Organised by the WOM, the workshop was funded by the WaterAid Ghana under its Water, Sanitation and Hygiene (WASH) for Public Health project. The workshop saw 21 women trained how to produce a variety of soap and taught how to set up their own soap factories. The trainees were taken through some basic investment courses including record keeping, business management skills and marketing mix.  

“The kind of record keeping I’m going to take you through today is not the record keeping people go to a university or a polytechnic to learn. It is basically a record you can keep by yourselves. In recording your products, you can decide to use strokes and each stroke would represent one bar of soap that you have produced. So, in that case, if you produce ten bars of soap today, you would mark ten strokes either by chalk or charcoal.

“Now, you have to be mindful of children. Please, don’t mark your strokes where a child would reach and, thinking that his or her mother has got a chalkboard, would also go and mark a stroke in your absence and cause confusion by doing so. So, you mark it where children cannot reach. Also, it must be where water will not reach to wash the strokes away when rain falls. These are the things to consider when you are using the strokes to represent your record keeping. Try to represent your production with objects and if you have a student in your house, call the student to translate the objects into your exercise book and that is how you will determine whether you are making profit or not,” Alataaba told the illiterate participants among the trainees.

The trainees were presented with startup tools.

Empowered to empower others

The WOM emphasised that the soap market was a “competitive one” and rammed home the need for the trainees to place premium on quality— when they set up their own trade— so their products could thrive and stand the test of time in the industry.
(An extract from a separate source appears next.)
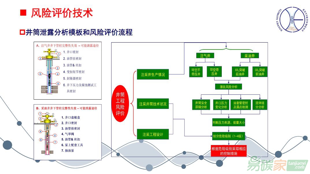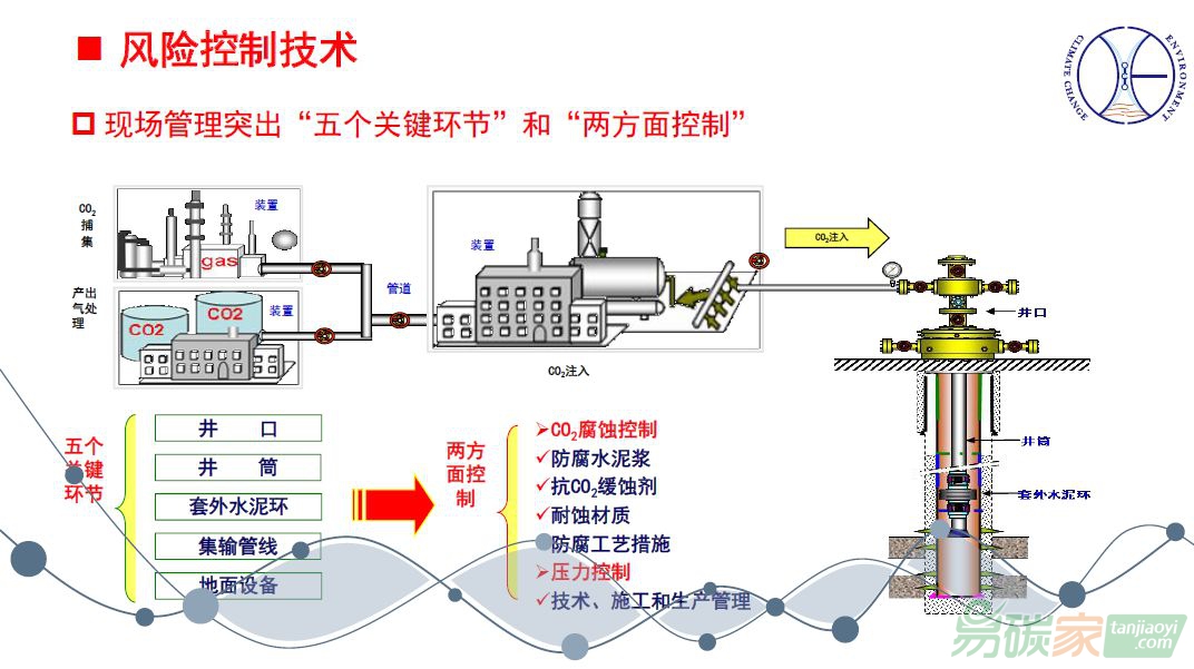 水泥環(huán)、地面設(shè)備、集輸管線等五個單元,通過腐蝕控制、壓力控制,最終實現(xiàn)注采的安全。腐蝕控制方面主要考慮井筒,選擇防二氧化碳的水泥井,保護套管,選擇抗二氧化碳緩蝕劑,加入井筒套管,實現(xiàn)安全性。

The handlers also advised the trainees to keep harmful raw materials, especially caustic soda, out of the reach of children as they carried out their soap-making businesses.
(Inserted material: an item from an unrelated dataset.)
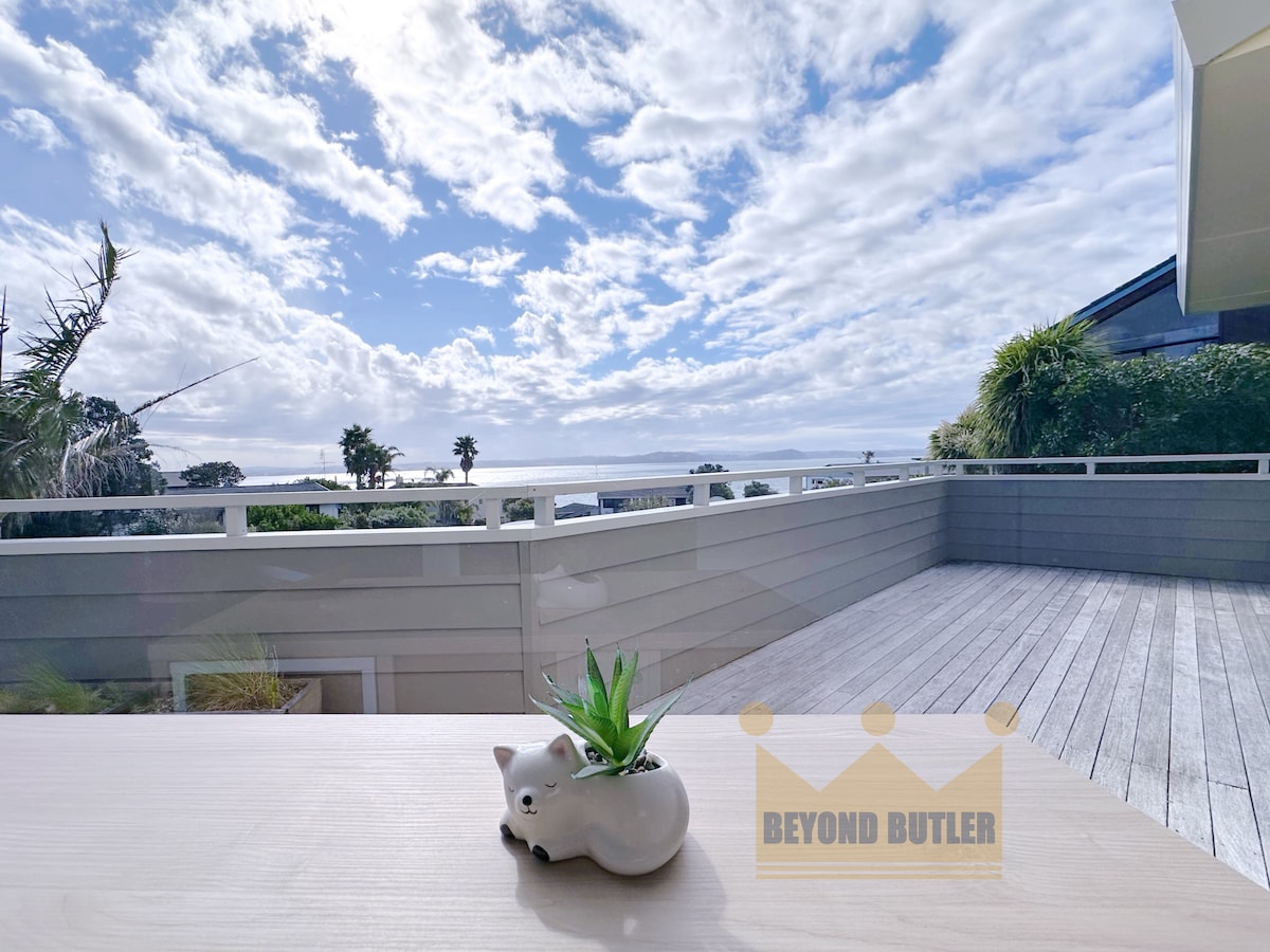 ++ Apartment style accommodation with its own private entrance, living spaces and outdoor area. ++ Elevated setting that commands interesting views of the Milford Marina and the Hauraki Gulf including Rangitoto island. ++ 5 min easy stroll to Milford Beach and shops or a 10 min walk over to Castor Bay beach. ++ Free parking. Both the main house and the apartment are located down a right-of-way driveway that provides secure off-street parking during your stay. ++ Unlimited Fibre 100 Broadband internet ++ Prime location with accessibility to beaches, shopping, restaurants, cafes, golf courses and local buses. Kitchen, Dining and Living Room ++ Spacious, well appointed open plan kitchen, dining and living space. ++ Fully equipped kitchen that is well set up for any guests wishing to enjoy the comforts of the apartment. The kitchen includes a large fridge/freezer, cooktop, oven, microwave, dishwasher, cutlery, plates, and essential cooking appliances and utensils. ++ The apartment also has its own private deck complete with sole use of a Weber Q BBQ. ++ Nespresso coffee machine for a fresh cup when the need requires. ++ Dining table with four dining chairs. ++ Samsung HD LED TV with Apple TV ++ The Apple TV provides complimentary access to TVNZ OnDemand (including live streams for 1, 2 and Duke), ThreeNow (including live streams for TV3, Bravo and Edge TV) Netflix, Lightbox, Amazon Prime and Redbull TV. Laundry and Bathroom ++ A newly appointed bathroom with shower, vanity and toilet. ++ The laundry includes a newly fitted front loading washer and condenser dryer for exclusive use by our guests. ++ For your convenience toiletries are provided along with a hairdryer. Bedrooms Both bedrooms are fitted with luxurious Queen size beds - gorgeous linen and towels are also provided. During your stay you will have access to the entire 2 bedroom self contained holiday accommodation. Guests have their own private entry to the apartment which is accessible via a coded front door lock. No keys are required. On arrival we look forward to welcoming you with a breakfast pack which includes locally made muesli / granola, organic milk, free range eggs, a loaf of bread and spreads. Guest are able to let themselves in as the apartment has coded entry. Access and contact details will be provided prior to arrival. A short easy stroll to either the beautiful Milford or Castor Bay beaches. Dining or shopping is also nearby at the Milford shopping precinct. Milford Shopping Centre has some of Auckland's top fashion shops, supermarkets, cafes, and restaurants. Self drive ++ Off-street car parking. Easy access to motorway on/off ramps. Quickest access to our place is via motorway exit 417: Tristram Ave. ++ 35 minute drive to/from Auckland Airport. ++ 15 minute drive to the Auckland CBD. ++ 7 minute drive to Takapuna entertainment and business centres. ++ 12 minute drive to the Albany business centres. Public transport options ++ Readily available taxi / Uber drivers in the area. ++ 50m walk to the nearest bus stop. ++ Bus #822 or #858 for Takapuna or the CBD. There are two streets of same name in the North Shore area. Please ensure that you confirm to your taxi driver or bus driver that you are requiring Castor Bay. We really want you to have a great experience. We look forward to hosting you in the near future.

Sharing their joy with the press, the grateful trainees spoke passionately of their plans to invest in people with the knowledge and skills acquired at the workshop.

“The training enlightened me. It inspired me. I know that through the skills gained I will be able to train others. Currently, COVID-19 is threatening lives everywhere. Soap is one of the agents people need to protect themselves from the disease, especially in rural areas where people cannot afford soap. I intend to supply schools with soap as well when I start my business. Government alone cannot provide soap for the schools in this COVID-19 period,” said a trainee, Matilda Agamu.

Linda Atiah remarked likewise, thankfully saying: “I have been jobless. I get up from sleep and sit down the whole day because I have nothing to do. This training has helped me a lot. I never knew how to make soap until I went through the training. Now, we have been taught how to produce different types of soap and how to brand it ourselves.”

The WOM also presented some tools to each of the trainees to start up their soap businesses. The tools, provided by the WaterAid Ghana, include: mould, cutters, design device, caustic soda, colourants, soda ash as well as a set of bowls, cups and basins among others.